New Delhi: The draft negotiating text for a new global climate change agreement for 2015 must be ready by the end of this year, in time for an important conference of parties, the BASIC (Brazil, South Africa, India and China) group of nations said on Friday.

Ministers of the four countries issued the joint statement at the end of a two-day ministerial meeting held in New Delhi to discuss climate change negotiations ahead of the next round of talks in Lima, Peru, in December.

The new agreement is to be signed in Paris in November-December 2015. Environment, forests and climate change minister Prakash Javadekar said that the draft negotiating text must be ready one year before the final conference in order to ensure a fruitful outcome in 2015.

The BASIC statement said that developed countries should take the lead in addressing climate change in keeping with their historical responsibilities.

Under the existing Kyoto Protocol, developed countries are supposed to make meaningful cuts in their greenhouse gas emissions while developing countries are not bound by any such deadlines. This is based on the principle of historical responsibility, which holds that developed countries have been the historical polluters that have caused climate change—mainly through the process of industrialization.

The four ministers said that the principles of equity and common but differentiated responsibility (CBDR) also need to be reiterated in the new agreement.

“Our actions have been more concrete than actions of some of the developed countries," Javadekar said, referring to steps taken by the four countries.

The statement also mentioned the need to communicate their intended nationally determined contributions (INDCs) which would include mitigation, adaptation, finance, technology development, technology transfer and capacity building.

Joyashree Roy, professor of economics at Jadavpur University, said that it was heartening to see that the BASIC countries were thinking of a comprehensive and holistic approach on INDC. “They are talking about technology development and not just technology transfer. This is shift from the previous stand. The talk about capacity building also ensures it is covered comprehensively."

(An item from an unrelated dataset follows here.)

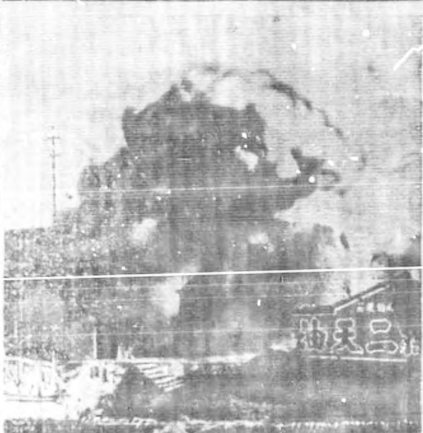
Iš kinų - japonų karų. — Sunkioji japonų artilerija davo istorinę kinų Kiangyin mūro sieną - tvirtovę į šiaurę nuo Nankingo.

Roy said that the developing nations will have to come up with a road map of how the financial transfer should happen. “It should be concrete as developed countries would not come up with a plan for finance," she added.

Javadekar said that the BASIC countries were doing their homework and holding continuous meetings and that efforts by developing nations would build pressure on developed nations to do more on climate change.

He said that the four countries would prepare a compendium of all the actions taken by them on climate change adaptation and mitigation efforts and put up a united front at the next round of talks.

While the agreement is likely to be signed in 2015, it will become effective only post 2020, when the term of the Kyoto Protocol expires. The joint statement said that developed countries need to ensure that the second commitment period of the Kyoto Protocol is also ratified speedily.